#### GIVEN INFORMATION:
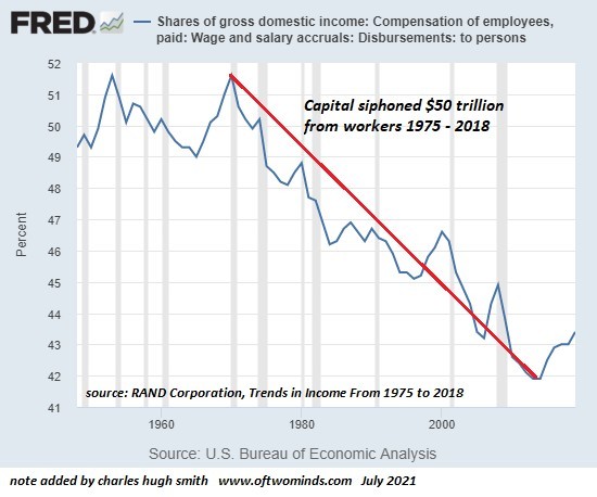 It's important to recall that roughly 3/4 of all local government expenses are for labor and labor overhead--healthcare, pensions, etc. Where do you think local taxes are heading as labor and labor-overhead costs rise? What happens to pension funds when all the speculative bubbles all pop?
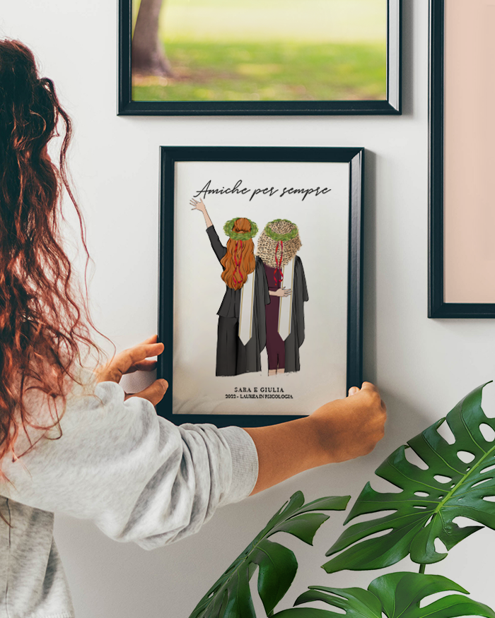 Incredibile Ritratto Personalizzato delle due Amiche Laureate, ritratte di spalle mentre festeggiano l’importante traguardo raggiunto. Ricorda questo momento magico vissuto con la tua migliore amica e compagna di studi grazie a questo spettacolare ritratto che puoi personalizzare nel look delle neo dottoresse e nelle scritte.
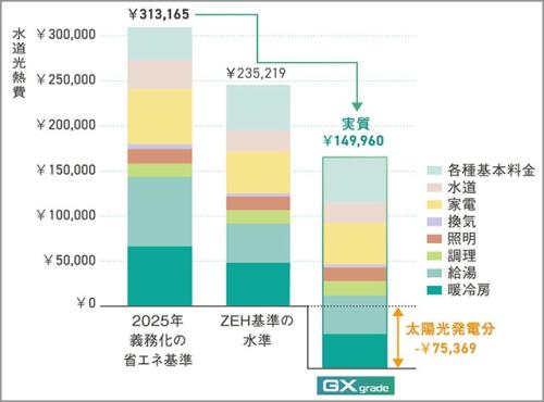 ポラス「GX grade」は、ハイブリッド給湯器による給湯費用の削減や、太陽光パネルによって、ZEH水準の住宅と比較し、年間8万5,259円(うち太陽光発電分7万5,369円)の水道光熱費を削減できることを試算・確認済み。
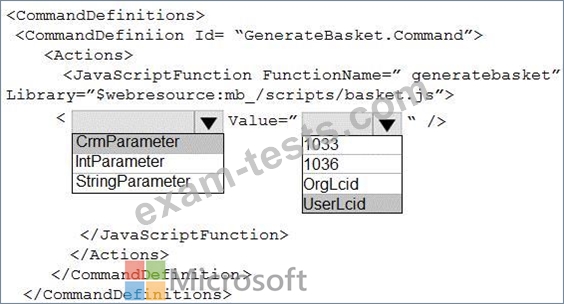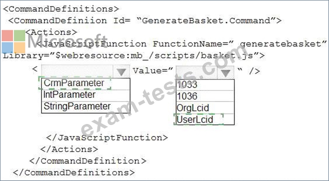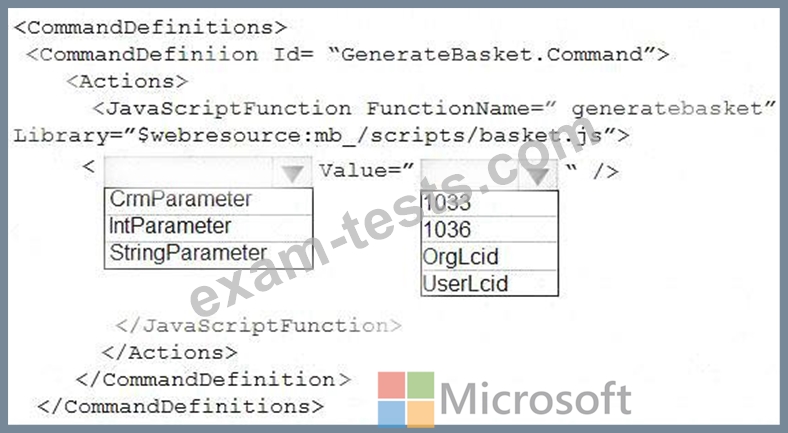How should you complete the CommandDefinition node? To answer, select the appropriate options in the answer area.

#### EXERCISE:
Could you write out the whole listing exactly, dropping the pictures?

#### ANSWER TO THE EXERCISE:
 It's important to recall that roughly 3/4 of all local government expenses are for labor and labor overhead--healthcare, pensions, etc. Where do you think local taxes are heading as labor and labor-overhead costs rise? What happens to pension funds when all the speculative bubbles all pop?
 Incredibile Ritratto Personalizzato delle due Amiche Laureate, ritratte di spalle mentre festeggiano l’importante traguardo raggiunto. Ricorda questo momento magico vissuto con la tua migliore amica e compagna di studi grazie a questo spettacolare ritratto che puoi personalizzare nel look delle neo dottoresse e nelle scritte.
 ポラス「GX grade」は、ハイブリッド給湯器による給湯費用の削減や、太陽光パネルによって、ZEH水準の住宅と比較し、年間8万5,259円(うち太陽光発電分7万5,369円)の水道光熱費を削減できることを試算・確認済み。
How should you complete the CommandDefinition node? To answer, select the appropriate options in the answer area.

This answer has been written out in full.